09 - Bucket Sort

Problem¶

Sort an array by distributing elements into multiple buckets. Each bucket is then sorted individually, either using a different sorting algorithm or by recursively applying bucket sort.

Intuition¶

Imagine you have a large pile of scattered mail. To sort it efficiently, you first put them into boxes based on the city (buckets). Then, you sort the mail within each city's box alphabetically. Finally, you combine the boxes in the order of the cities. Bucket Sort is most efficient when the input is uniformly distributed over a range.

Algorithm Steps¶

Create \(n\) empty buckets (usually lists).
For each element \(x\) in the array, insert it into its corresponding bucket (e.g., index = \(n \times x / \text{max\_val}\)).
Sort each individual bucket using a stable sort (like Insertion Sort).
Concatenate all sorted buckets into the original array.

Pseudocode¶

procedure bucketSort(A, n)
    create n empty buckets B[0..n-1]
    for x in A do
        idx := index_of_bucket(x)
        insert x into B[idx]

    for i := 0 to n-1 do
        sort(B[i])

    concatenate buckets B[0]..B[n-1] into A
end procedure

Java Code using JCF¶

Using a competitive programming structure (TCS NQT Style).

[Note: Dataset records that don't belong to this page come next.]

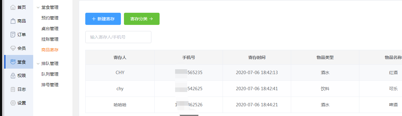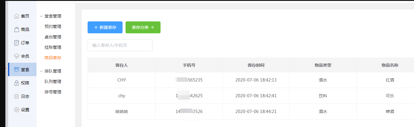 商家可点击【新建寄存】,将客户需要寄存的东西,根据弹框内容填写信息。(用户需要先在【寄存分类】中新建寄存)
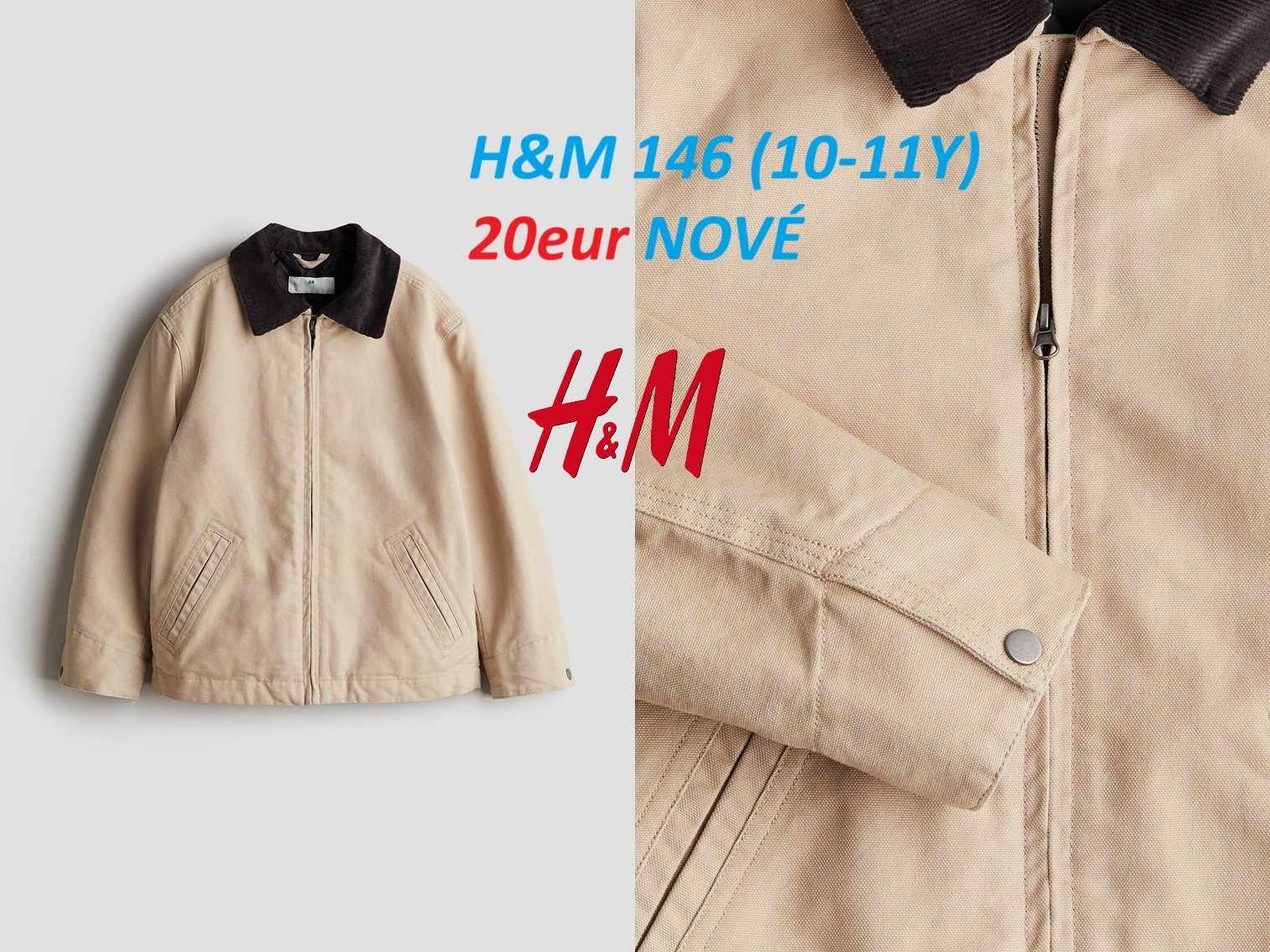 Ďalej predám chlapčenskú mierne vatovanú bundu H&M, veľkosť 146 (10-11Y). Bunda je z bavlneného plátna s menčestrovým stojačikom, zapínaním na gombíky, spevnenými prednými vreckami a dlhými rukávmi s manžetovými gombíkmi. S podšívkou. Cena 20eur.
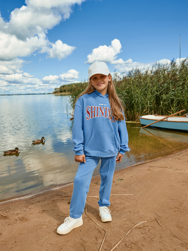 Свитшот для девочек свободного силуэта — комфортная и стильная модель, идеально подходящая для повседневной носки. Выполненный из футера без подчеса, он остается легким и приятным к телу, обеспечивая хорошую воздухопроницаемость и устойчивость к износу. Свободный крой дарит свободу движений, а спущенная линия плеча создает расслабленный силуэт со стильным акцентом. Круглая горловина оформлена эластичной обтачкой из рибаны — благодаря этому она не теряет форму и хорошо ложится на шею. Манжеты на рукавах и пояс, также выполненные из рибаны, надежно фиксируют изделие, подчеркивают форму и завершают образ. Такая модель легко комбинируется с джинсами, спортивными брюками или юбкой, оставаясь актуальной и удобной в школьном гардеробе, на прогулке или дома.
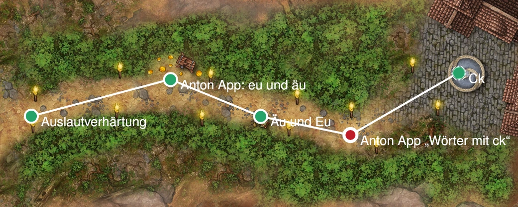 „Diese Lernlandkarte ist sukzessive in Zusammenarbeit mit den Lernenden entstanden. Die Übungen haben die Schülerinnen und Schüler mit H5P u. a. in Learningapps selbst entwickelt und wurden dann im Anschluss eingefügt. Dadurch sind sie beliebig oft wiederholbar und werden automatisiert korrigiert. Damit die Lernenden selbst Übungen erstellen können, müssen sie in mebis zuvor zu Autoren gemacht werden.“

This example assumes floating point numbers between 0 and 1, but is adaptable for integers.

import java.util.*;

public class Main {
    /**
     * Bucket Sort Implementation
     */
    public static void bucketSort(List<Float> list) {
        int n = list.size();
        if (n <= 0) return;

        // 1. Create buckets
        List<List<Float>> buckets = new ArrayList<>(n);
        for (int i = 0; i < n; i++) {
            buckets.add(new ArrayList<>());
        }

        // 2. Put elements in buckets
        for (float val : list) {
            int bucketIdx = (int) (val * n);
            if (bucketIdx >= n) bucketIdx = n - 1; // Safeguard
            buckets.get(bucketIdx).add(val);
        }

        // 3. Sort individual buckets and concatenate
        int index = 0;
        for (List<Float> bucket : buckets) {
            Collections.sort(bucket);
            for (float val : bucket) {
                list.set(index++, val);
            }
        }
    }

    public static void main(String[] args) {
        Scanner sc = new Scanner(System.in);
        if (sc.hasNextInt()) {
            int t = sc.nextInt();
            while (t-- > 0) {
                if (sc.hasNextInt()) {
                    int n = sc.nextInt();
                    List<Float> list = new ArrayList<>();
                    for (int i = 0; i < n; i++) {
                        if (sc.hasNextFloat()) {
                            list.add(sc.nextFloat());
                        }
                    }
                    bucketSort(list);
                    for (int i = 0; i < list.size(); i++) {
                        System.out.print(list.get(i) + (i == list.size() - 1 ? "" : " "));
                    }
                    System.out.println();
                }
            }
        }
        sc.close();
    }
}

Sample Input and Output¶

Input:

1
5
0.897 0.565 0.656 0.1234 0.665

Output:

0.1234 0.565 0.656 0.665 0.897

Complexity¶

Case	Time Complexity	Space Complexity
Best/Average	\(O(n + k)\)	\(O(n + k)\)
Worst Case	\(O(n^2)\)	\(O(n)\)

Best/Average: Occurs when elements are uniformly distributed.
Worst: Occurs when all elements fall into the same bucket (becomes the complexity of the inner sort, e.g., \(O(n \log n)\) or \(O(n^2)\)).
Stable: Yes (if inner sort is stable).

Variations¶

Generic Bucket Sort: Handling integers by mapping the range \([min, max]\) to \(n\) buckets.
Scatter-Gather Sort: Parallel version of bucket sort.
ProxmapSort: A similar distribution-based sort using a "proximity map".